A motorized burr grinder does require some upfront investment, but it’s less than the price of many Keurig brewers, and a good one will last for years. I put my first Baratza burr grinder to use for more than a decade, working out to just pennies per cup over its lifetime. A less costly option is to buy a burr grinder that you manually power by turning a crank. I pack one of these when I travel, and it’s effective, but beware that it may require more labor than you want to exert first thing in the morning. (Then again, with gyms currently closed down, a manual grinder might be just what you need for a quick arm workout — just remember to alternate arms each morning.)

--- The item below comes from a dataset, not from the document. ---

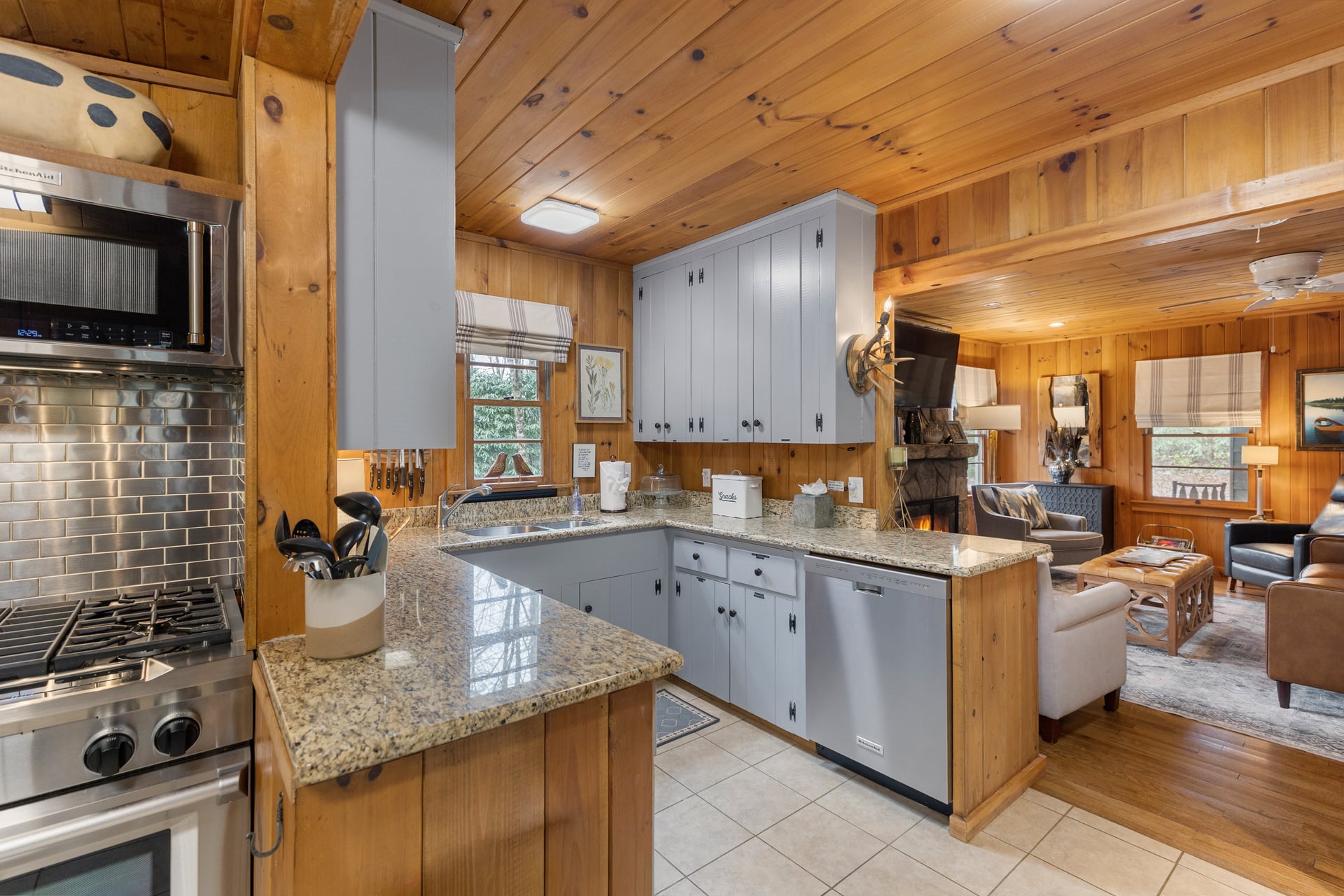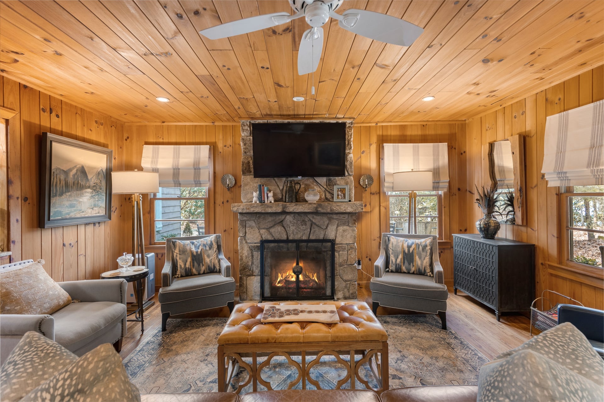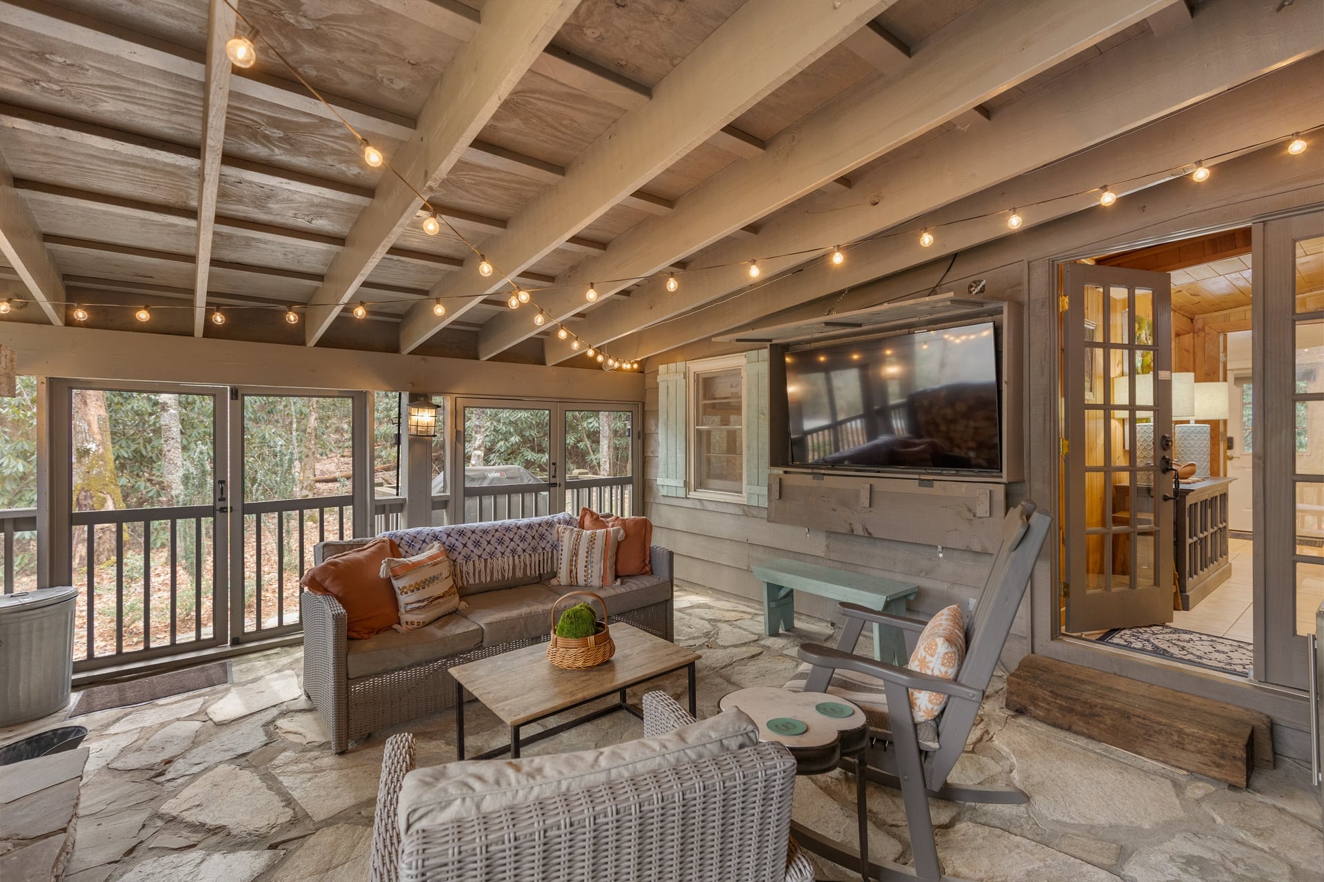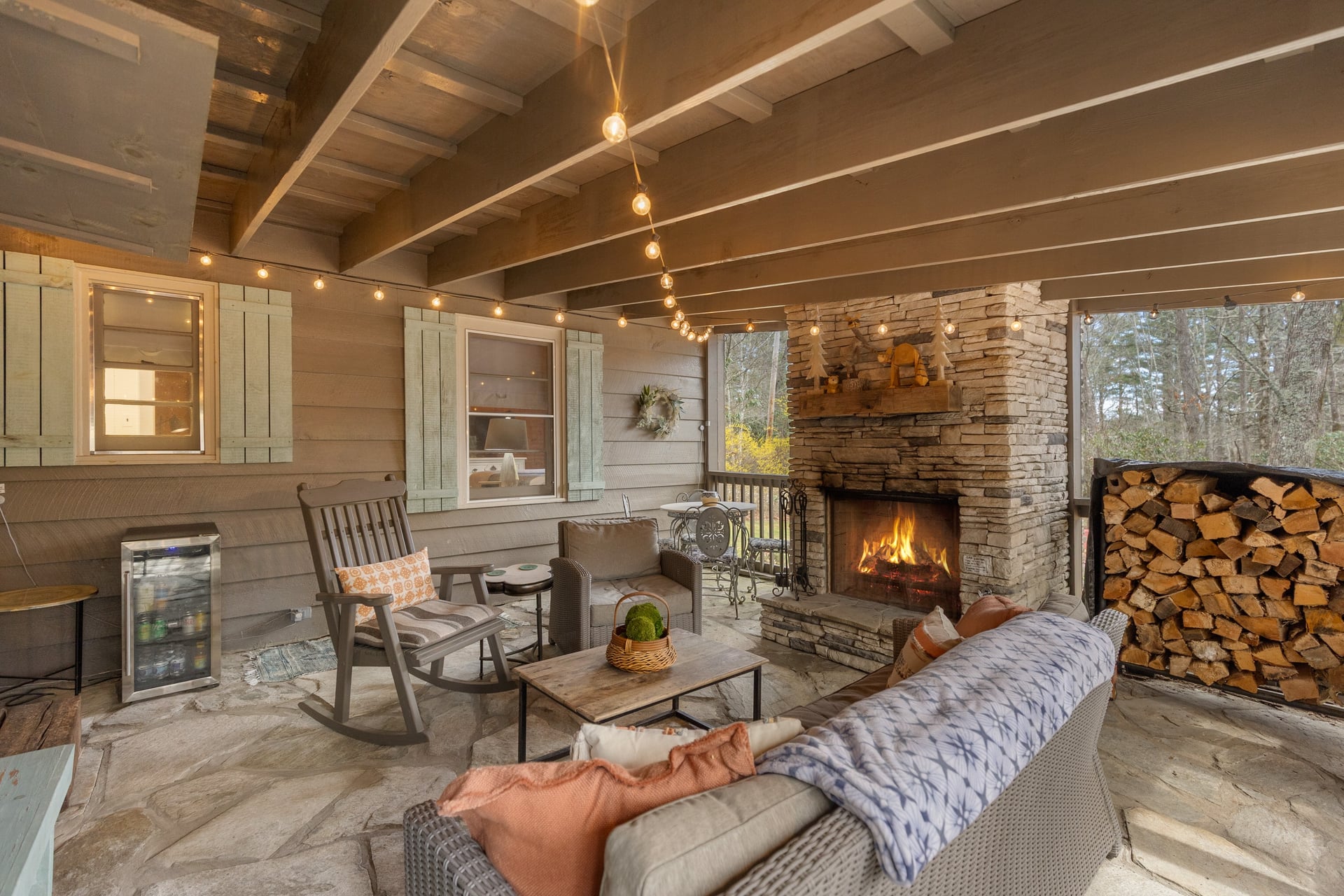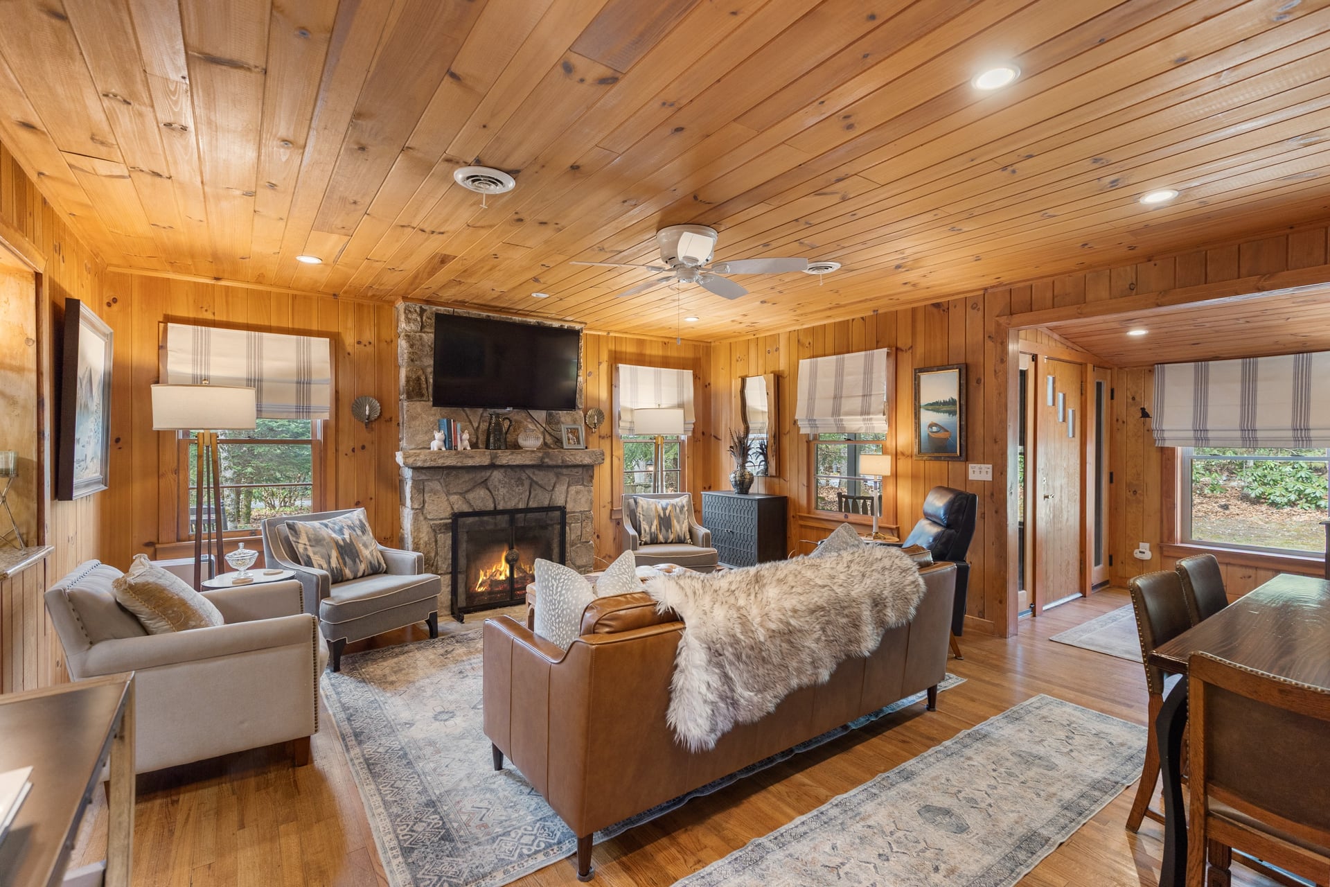 Welcome to this charming Highlands pine cottage nestled in the beautiful Flat Mountain area, just minutes from vibrant Main Street. Perfectly situated on a desirable corner lot, this cozy retreat is full of classic mountain charm and character. Inside, you'll find warm wood accents and a comfortable layout that captures the essence of mountain living. The ranch floor plan offers stepless entry into an inviting foyer and family room with stone, gas fireplace, plus three generous sized bedrooms and 2 full bathrooms. Relax with family and friends on the private, covered screened porch with wood burning fireplace and big screen TV. In the kitchen you will discover a wet bar with ice maker for enjoying coffee to cocktails, in addition a Kitchen Aide gas range and built in refrigerator. The laundry/mud room is a bonus with ample storage cabinets and access to a one car carport. The flat corner lot is perfect for enjoying outdoor activities and cozying up by the firepit. Walk to Pinky Falls and Ranger Falls trails. Flat Mountain states is a peaceful, friendly neighborhood. Whether you're looking for a weekend getaway, a full-time residence, or an income-producing property, this cottage offers incredible versatility. With a strong short-term rental history, this property presents a fantastic investment opportunity. Guests love its convenient location close to shops, dining, and outdoor adventures while still enjoying the peaceful mountain setting. Don't miss the chance to own a slice of mountain charm in a highly desirable location.

It’s also worth getting a digital kitchen scale to measure out consistent ratios of coffee to water; for most brewing methods, recommendations range from between 15-18 grams of water for every gram of coffee.
The next question is whether to brew with an automated brewer or take a more manual approach. Coffee machines are not all created equal, and many aren’t up to the task of brewing a great cup of coffee. Peter notes that common failings include brew baskets too small to hold the right ratio of water to coffee, inability to brew within the ideal range of water temperature, and uneven extraction at different parts of the basket. The Specialty Coffee Association offers a certification program for machines that pass their range of tests, and a quality coffee brewer may be appealing for those who know they won’t be up for a more involved process.
That said, the process of preparing an excellent cup of coffee can become an enjoyable part of one’s morning ritual. Like mastering any skill, learning how to manually brew can be deeply satisfying in a way that using an automated machine is not.
“A coffee brewing machine is a black box,” says Peter. “When you do it yourself, you get to understand the dynamics, and those dynamics are beautiful.”
Broadly speaking, manual brewing techniques fall into two approaches: immersion and pour over. With the former, coffee grounds are immersed in hot water and filtered out before serving. The French press is a classic example of immersion brewing, straightforward to use and producing a rich cup of coffee. The Aeropress is another favorite of coffee enthusiasts, due in part to its versatility; baristas have published different techniques for using the Aeropress that vary the brewing time, grind size, water temperature, coffee-to-water ratio and even the orientation of the brewer. It’s an excellent option for brewing one cup at a time.
Pour-over brewing is a more dynamic process, requiring the user to manually pour water onto the grounds as gravity pulls coffee through the filter. It’s less foolproof than immersion brewing, with more risk of uneven extraction or “channeling,” the term for when water rushes through one part of the coffee bed. A gooseneck kettle gives the user more control over the flow of water, and the choice of using a flat-bottomed or conical basket will also affect the final cup.
“Changing the basket geometry makes a huge difference in the flavor of the coffee,” says Peter, “and which is better depends on the coffee.” A few popular pour-over brewers are the Hario V60, Kalita and Chemex.
The best techniques for brewing vary with the type of coffee used and — above all — the preferences and predilection of the end user. Experimenting and learning about one’s palate are part of the fun, but it’s worth checking out online tutorials for your brew method of choice to establish a baseline recipe.
With the crunch of commuting to work taken off many of our shoulders, you have an opportunity to invest a little more care into your daily coffee preparation. Dial in your skills now and be rewarded with better coffee for life.